Passados uns anos, saído eu da tropa, encontrei-o nas tramadas bichas de entrega de documentos do "mini-concurso" para professor do secundário, ali na escola da cidade universitária de Lisboa. Ele estava ali rodeado de colegas, e foi ele que se lembrou deste puto (ainda que ali já de espólio feito), e para minha surpresa chamou-me lá para o meio deles (sim, galguei um bocado na bicha).

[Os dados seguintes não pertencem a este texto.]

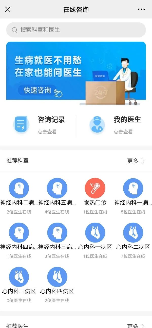 扫描下方二维码进入邢台市第三医院互联网医院线上诊疗咨询页面。选择“推荐科室”或“推荐医生”中的选项,找到所需医生开始咨询。

E com nítido prazer se pôs a contar, com inesperada memória, histórias, historietas, episódios e bocas daqueles tempos (e quanto se ria ele, lembrando a minha resposta ao jpp, que me perguntava, altaneiro, "mas afinal qual é esse Bacon de que está a falar?" e eu, furibundo, com o desmerecimento assim implícito, a brotar-me um "não é o que se come, com toda a certeza").

Nunca mais ouvi falar dele. Depois emigrei e assim continuou, com normalidade, pois nem fazia parte das minhas redes. Depois vi-o uma vez em Maputo. Por razões profissionais a minha mulher teve que acompanhar a visita de uma delegação portuguesa, (mais) um qualquer secretário de estado que cá vinha, nas infinitas visitas de "cooperação". No primeiro dia chegou a casa a gabar o tal SEXA, "simpático, simples, competente, inteligente", um pacote mais ou menos assim. A Inês não tem a verrina do marido, aceita muito mais as fraquezas humanas e seus modos (decerto por ser mais do que o tal marido), mas não é exactamente pródiga em elogios. Fiquei contente. No último dia da visita houve um jantar, informal, com a comitiva portuguesa, e desafiou-me a acompanhá-la. Recusei, pois mesmo assim "não tenho paciência para esses tipos" (era o tempo de Guterres, recordem-se).

Depois de jantar ela telefonou-me, para que fosse beber um copo ao Cine África (quando o Cine África era um sítio a visitar, um óptimo bar de música ao vivo). Lá fui, e ainda bem, pois o Dornelas fazia parte da comitiva. "Hé pá!, estás cá!!", surpresa, "também andas nisto?", ripostei, bem-humorado. Conversámos um bocado, sobre Moçambique, o nós-por-cá, um bocado sobre música também (da que tocava e doutra de cá), um ambiente descontraído entre aqueles "comitivos", boa gente. Depois saímos, cedo, tudo cansado. Cá fora, no passeio, as despedidas, "até à próxima, quando cá vieres" ou "então em Lisboa, apareçam, a tua mulher tem os contactos", aquilo que se diz, ainda que nunca o façamos. No meio disto alguém se lhe dirige "sô secretário de estado ...". Estanquei, estupefacto, que nada mo dera a entender, "és tu o secretário de estado?" e rio-me, rimo-nos, "já estragaste tudo!!", diz ele.

Nunca mais o vi. Haverá, decerto, muita gente com muito mais, e mais significativos, dizeres para o lembrar, para o elogiar. Mas partilho aqui este pequeno "fósforo" de uma vida, uma minudência. A mostrar um homem, garanto, especial. Raro. Pois tão raro é encontrar, cruzar, gente assim. Aliás, tão raro é encontrar gente.